The dimensions of the omics data varied significantly, with the largest being methylation, which had up to 335,854 dimensions, and the smallest being SCNV, with only 69 dimensions. RNAseq had 20,155 dimensions, and miRNA had 823 dimensions. The huge dimension difference makes handling data loss and delusion during dimension matching challenging. All the values in omics are continuous data. Further, we noticed many features only contained values for a few samples while all others were zero. The collected omics data of both cancer types have two common challenges. The first challenge is the huge size difference between different omics. For example, SCNV has only 69 genes, while methylation can have more than 330 thousand genes. This difference does not allow combining the data because the larger ones may dilute the lower-size omics. The other challenge is the low number of samples after the common samples are selected across various omics and the huge number of dimensions in some technologies, such as methylation.

Our framework

Our proposed framework consists of three main components, as shown in Figure 1. Firstly, the original omics data is dimensionalised using autoencoders, which employ a combination of non-linear functions to reconstruct the original input.

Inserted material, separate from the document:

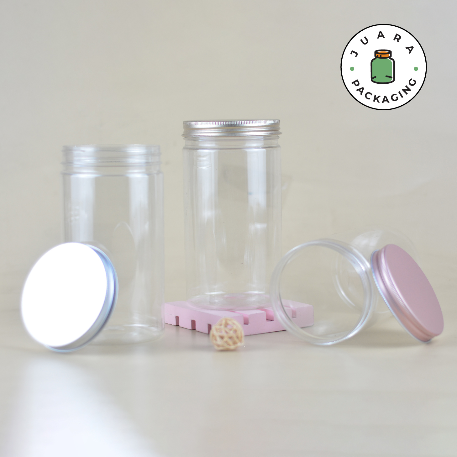 Toples Plastik Bening 1000ml – Jar Serbaguna dengan Tutup Warna Silver Gold Pink Hitam untuk Wadah Makanan Ringan Kue Kering Snack Refill Kosmetik Tempat Penyimpanan Toples Plastik Tebal Premium

It is known that this method performs well when applied to biological data, with less information lost^5,7,18,19,20 and is therefore well suited to handle omics information. Secondly, the processed multi-omics data is fused into a tensor. The significant global features of different omics datasets can be learned through CANDECOMP/PARAFAC (CP) decomposition to extract interpretable latent factors. While the original data may not be fully recoverable from the CP decomposition of the compressed data, we focused on obtaining a more interpretable and meaningful representation of the data that captures its essential characteristics. Finally, the components extracted from tensor decomposition are utilized for clustering. The clustering results are evaluated using survival analysis. Additionally, a supervised learning model is built and used to predict Tumor Purity for the Breast dataset due to the availability of class labels.

Data preprocessing

The collected datasets are split into 70% training data and 30% testing data to ensure a sufficient number of test cases. Data cleaning is applied to Breast and Glioma datasets to handle the missing values. Only methylation contains a limited number of missing values, so we replace them with the mean value of the related gene features^21,22. Since it is uncertain whether zero values in omics data are meaningful, we decided to keep them to avoid any loss of meaningful information²³. After the cleaning phase, the data is scaled by the MinMaxScaler function as follows

$$x^{'}=\frac{x-min(x)}{max(x)-min(x)}$$

Feature extraction using stacked autoencoder

Since the sizes of omics data are various and can be extremely large due to many genes^{21, 24, 25}, it is necessary to reduce or compress them to a reasonable size. We aim to keep the maximum information in the extracted features from all the omics datasets. To achieve this goal, the stacked autoencoder model is implemented and applied to separate omics. It consists of an artificial neural network widely used for dimension reduction. It aims to extract meaningful information from the input dataset, transform them into smaller size latent and reconstruct the input data from the latent²⁶. To create the stacked autoencoder model, we have implemented the following steps:

Step 1: Encoding. Given an omics dataset, D with N samples and d features, an encoder in the autoencoder model compresses the d features into $d'$ where d >d’. The hidden layers stack within the encoder, reducing nodes between d and $d'$. The encoder part uses a non-linear mapping function to map the input data to hidden layer units and between the hidden layers. Assume h denotes the activation of the hidden layer neural unit, then its mathematical expression is as follows

$$\begin{aligned} h=f(x) = S_{f}(wx+p) \end{aligned}$$

(1)

where w represents the learning weighted matrix connecting the input layer and the stacking hidden layers. $S_{f}$ is the activation function at the last hidden layers, which is usually a Sigmoid function or a Tanh function as shown below in Eq. (2) and Eq. (3) respectively.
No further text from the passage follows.